Dotfiles with Git + GNU Stow. Servers: Syncthing, Docker, Pi-hole, OpenVPN.

• Manage and sync dotfiles with Git + GNU Stow.

1. We need to install stow, a symlink farm manager: sudo apt install stow git
2. First-Time git setup. Set your user name and email address: git config ‐‐global user.name “userName”. git config ‐‐global user.email “[email protected]”. Then, check your settings: git config ‐‐list
3. Go to github. Log in to your account. Click on the New repository button or the + icon, then click on New repository. Next you have to fill out a name of the repository (dotfiles), a description (it is really optional), and select its visibility or access permission (public -Anyone on the internet can see this repository. You choose who can commit- or private -You choose who can see and commit to this repository-).
4. After that you have your new repository, so you can copy the repository link by clicking on the green Code button. Open a terminal and clone the repository (very easy setup):

  git clone https://github.com/nmaximo7/dotfiles.git

5. Open the directory dotfiles with Visual Studio Code: code dotfiles.

6. Mirror your home’s structure inside the dotfiles directory, e.g., create a directory git, and a file “.gitconfig” inside git; create a directory bash, and two files “.bash_aliases” and “.bashrc” inside bash.

7. Check if stow is going to create the right symlinks or not before creating then: stow ‐‐adopt -nvt ~ * (~ directory home, * the dotfiles directory).

   And then create them: stow ‐‐adopt -vt ~ * The flag -n tells stow not to perform any operations that modify the filesystem, but merely show what would happen. -t is the target (~, the home directory).

   MV: .config/calcurse/conf -> dotfiles/Calcurse/.config/calcurse/conf LINK: .config/calcurse/conf => ../../dotfiles/Calcurse/.config/calcurse/conf9. We use the git add . command to add any changes in the working directory to the staging area: git add .

8. Save changes to the local repository: git commit -am “Initial commit”

9. Upload the local repository content to our recently created github remote repository: git push.
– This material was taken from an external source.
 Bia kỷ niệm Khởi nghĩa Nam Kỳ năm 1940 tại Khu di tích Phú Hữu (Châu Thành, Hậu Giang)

10. If you have a new computer, you will start by cloning the remote repository: git clone https://github.com/nmaximo7/dotfiles.git. After that you can update the local repository with: git pull.

11. Stow the files and directories into the target directory. First, check that it is working as expected: stow ‐‐adopt -nvSt ~ *, then do it: stow ‐‐adopt -vSt ~ *

• Syncthing is a continuous file synchronization program. It is a really good free alternative to Dropbox and Google Drive. It synchronizes files between two or more computers.

1. Let’s install it on Ubuntu: sudo apt install syncthing-gtk (the GTK3-based GUI for syncthing, it will also install the package syncthing).
2. Next let’s edit its config file (vi /home/user/.config/syncthing/config.xml) and change 127.0.0.1:8384 (only listening to localhost) to 0.0.0.0:8384.
3. By default, the installation is made so that the service is run as root. You may want to check its status: sudo systemctl status [email protected]
4. Install Mac (client). We should be able to access it: IP’s address:8384.
5. For security purposes you may want to change your password: Actions, Settings, GUI Authentication User, GUI Autentication Password.
6. Syncthing uses port 22000. If your computer has enabled the UFW firewall, then you need to allow traffic on port 22000: sudo ufw allow 22000/tcp
7. You need to ensure Synching has been installed and configured on all systems. After that, _each device must be told about the other devices by exchanging device IDs. Obtain your Device ID (Server Ubuntu): Actions, Show ID (Copy). Client Mac: Add Remote Device, Device ID (Paste), Device Name (LinuxServer).
8. Refresh the Web interface on the first device, the Ubuntu server. You will see the following message: Device…. wants to connect. Add new device? Click on Add Device (Device Name: MacClient) and wait patiently till Remote Devices, MacClient (Up to Date).
9. We can synchronize two folders now. Click the Add Folder to add a new folder and give it a descriptive label and set the folder path (/mnt/discoExterno/documentos). On the Sharing tab, select MacClient.
10. You need to wait till you see a message in your MacClient: LinuxServer wants to share folder “documentos”. Add new folder? Select Add, and define Folder Path.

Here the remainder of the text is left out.